Directions for this task => Excluding pictures, what does the listing below contain from the line with "Piscina, gimnasio y" up to and including the line with "SUPER MATERIALE - Il", word for word?
** Opening Data provided block **
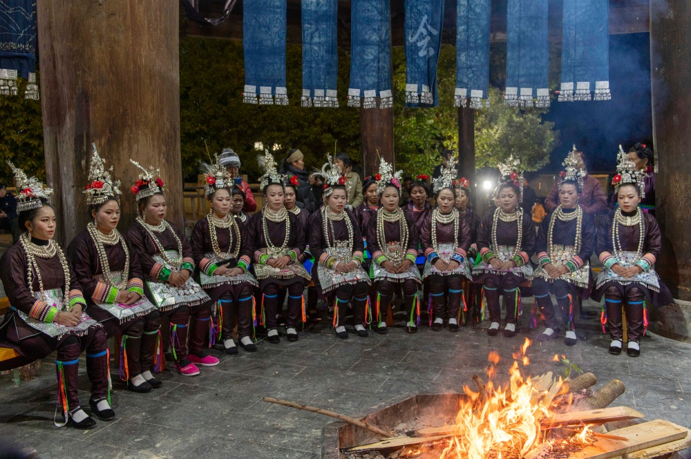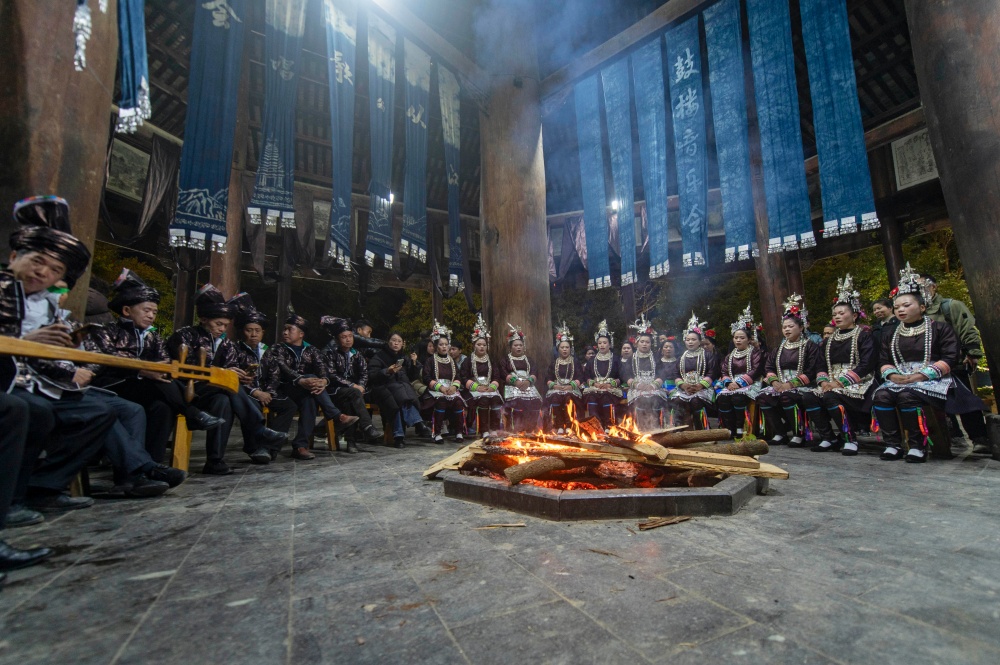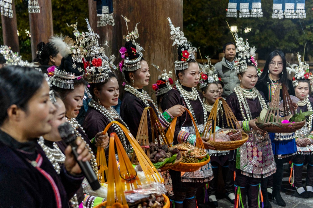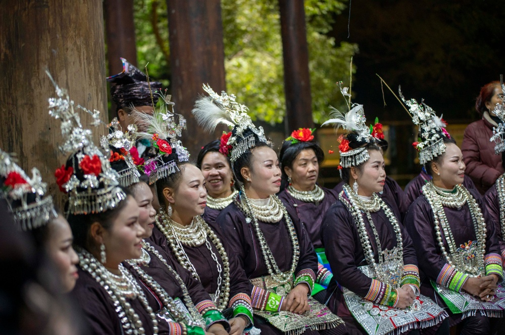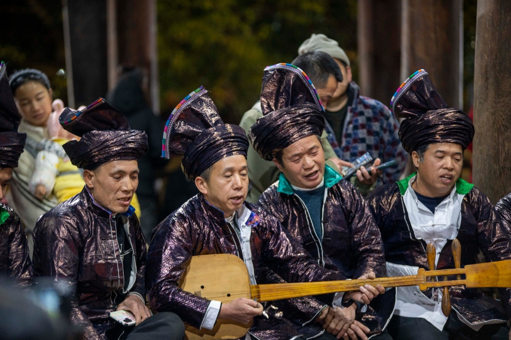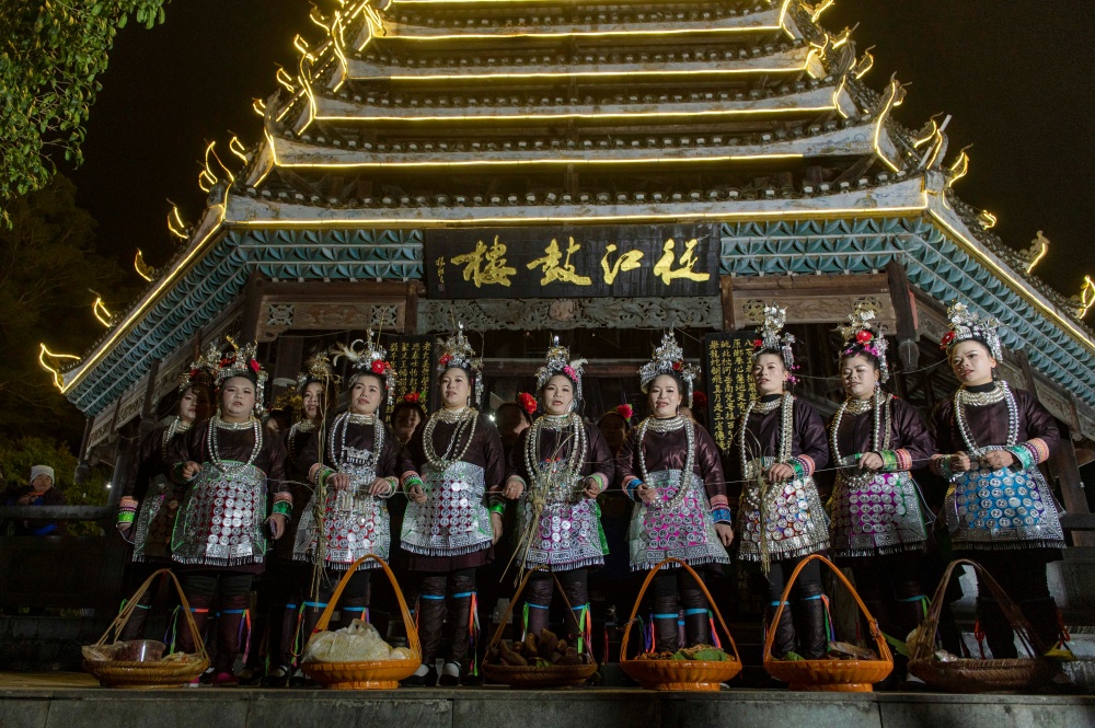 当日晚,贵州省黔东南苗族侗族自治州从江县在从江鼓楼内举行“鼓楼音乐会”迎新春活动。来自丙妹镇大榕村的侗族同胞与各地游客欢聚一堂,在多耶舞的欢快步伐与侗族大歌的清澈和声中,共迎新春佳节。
** Closing Data provided block **
** Opening Data provided block **
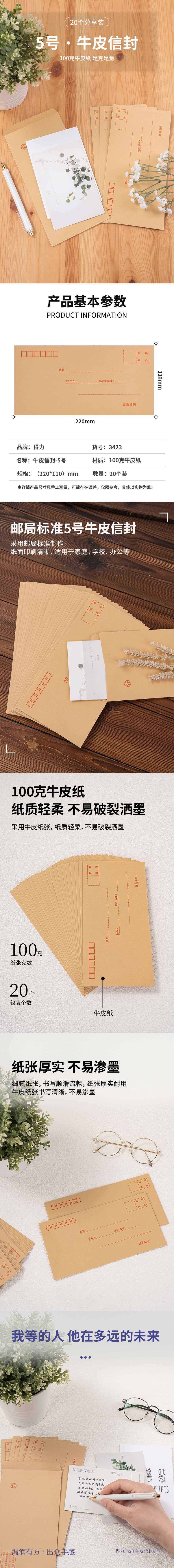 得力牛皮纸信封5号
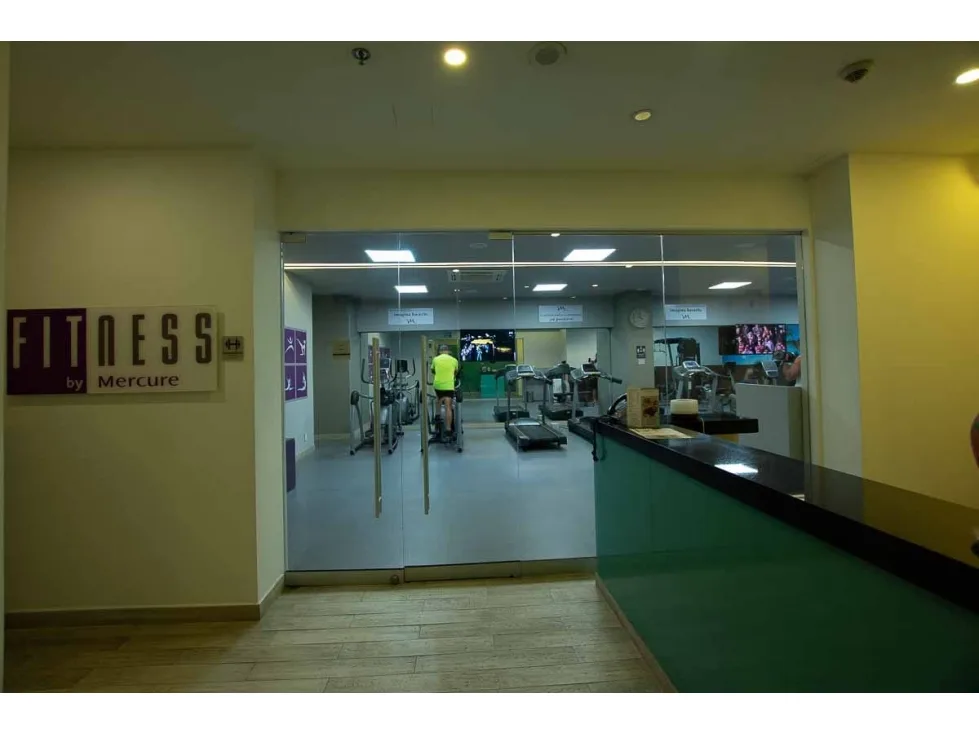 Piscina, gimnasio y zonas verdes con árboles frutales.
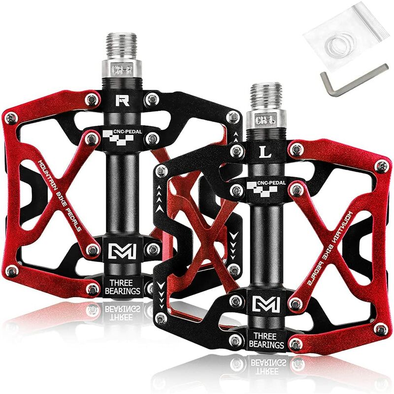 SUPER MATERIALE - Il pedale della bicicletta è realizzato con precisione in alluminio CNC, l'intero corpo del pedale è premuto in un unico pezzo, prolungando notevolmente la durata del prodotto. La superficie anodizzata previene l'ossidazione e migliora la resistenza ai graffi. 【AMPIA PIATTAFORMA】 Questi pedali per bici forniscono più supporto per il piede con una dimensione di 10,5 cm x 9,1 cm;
** Closing Data provided block **
Your response =>
 Piscina, gimnasio y zonas verdes con árboles frutales.
 SUPER MATERIALE - Il pedale della bicicletta è realizzato con precisione in alluminio CNC, l'intero corpo del pedale è premuto in un unico pezzo, prolungando notevolmente la durata del prodotto. La superficie anodizzata previene l'ossidazione e migliora la resistenza ai graffi. 【AMPIA PIATTAFORMA】 Questi pedali per bici forniscono più supporto per il piede con una dimensione di 10,5 cm x 9,1 cm;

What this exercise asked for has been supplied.